• **DATA TO USE**
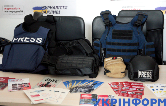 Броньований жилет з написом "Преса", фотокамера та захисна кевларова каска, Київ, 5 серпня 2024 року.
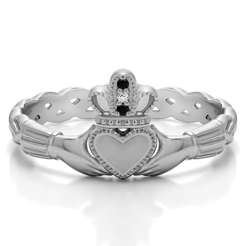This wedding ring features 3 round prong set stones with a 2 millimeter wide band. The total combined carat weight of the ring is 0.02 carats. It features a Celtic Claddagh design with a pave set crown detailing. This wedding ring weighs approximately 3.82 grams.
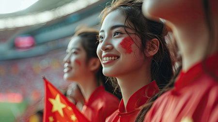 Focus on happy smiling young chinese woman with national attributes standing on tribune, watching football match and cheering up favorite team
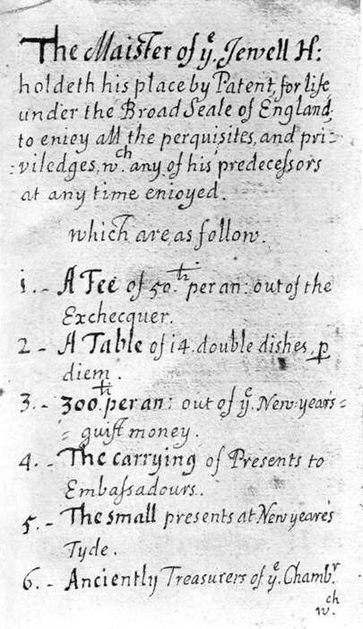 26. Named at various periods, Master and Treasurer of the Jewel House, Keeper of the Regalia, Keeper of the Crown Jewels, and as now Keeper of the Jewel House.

* * *

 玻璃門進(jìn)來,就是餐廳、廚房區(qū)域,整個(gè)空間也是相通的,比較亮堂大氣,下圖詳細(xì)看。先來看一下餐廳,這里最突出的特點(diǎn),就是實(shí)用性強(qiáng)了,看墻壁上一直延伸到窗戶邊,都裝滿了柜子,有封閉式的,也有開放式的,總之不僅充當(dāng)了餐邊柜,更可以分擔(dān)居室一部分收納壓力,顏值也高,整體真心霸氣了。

==

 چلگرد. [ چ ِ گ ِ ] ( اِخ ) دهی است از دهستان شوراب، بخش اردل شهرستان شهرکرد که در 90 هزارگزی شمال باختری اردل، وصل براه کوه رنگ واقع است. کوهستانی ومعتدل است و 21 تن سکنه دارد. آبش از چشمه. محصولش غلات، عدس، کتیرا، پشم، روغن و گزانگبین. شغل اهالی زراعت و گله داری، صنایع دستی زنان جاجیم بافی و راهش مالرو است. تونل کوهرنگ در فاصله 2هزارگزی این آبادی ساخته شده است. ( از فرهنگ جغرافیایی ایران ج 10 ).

• **ASSIGNMENT**
Look above for the line with "Броньований жилет з"; quote it and every line after it, stopping after the line with "26. Named at", exactly, with nothing added and without pictures.

• **SOLVED EXERCISE**
 Броньований жилет з написом "Преса", фотокамера та захисна кевларова каска, Київ, 5 серпня 2024 року.
This wedding ring features 3 round prong set stones with a 2 millimeter wide band. The total combined carat weight of the ring is 0.02 carats. It features a Celtic Claddagh design with a pave set crown detailing. This wedding ring weighs approximately 3.82 grams.
 Focus on happy smiling young chinese woman with national attributes standing on tribune, watching football match and cheering up favorite team
 26. Named at various periods, Master and Treasurer of the Jewel House, Keeper of the Regalia, Keeper of the Crown Jewels, and as now Keeper of the Jewel House.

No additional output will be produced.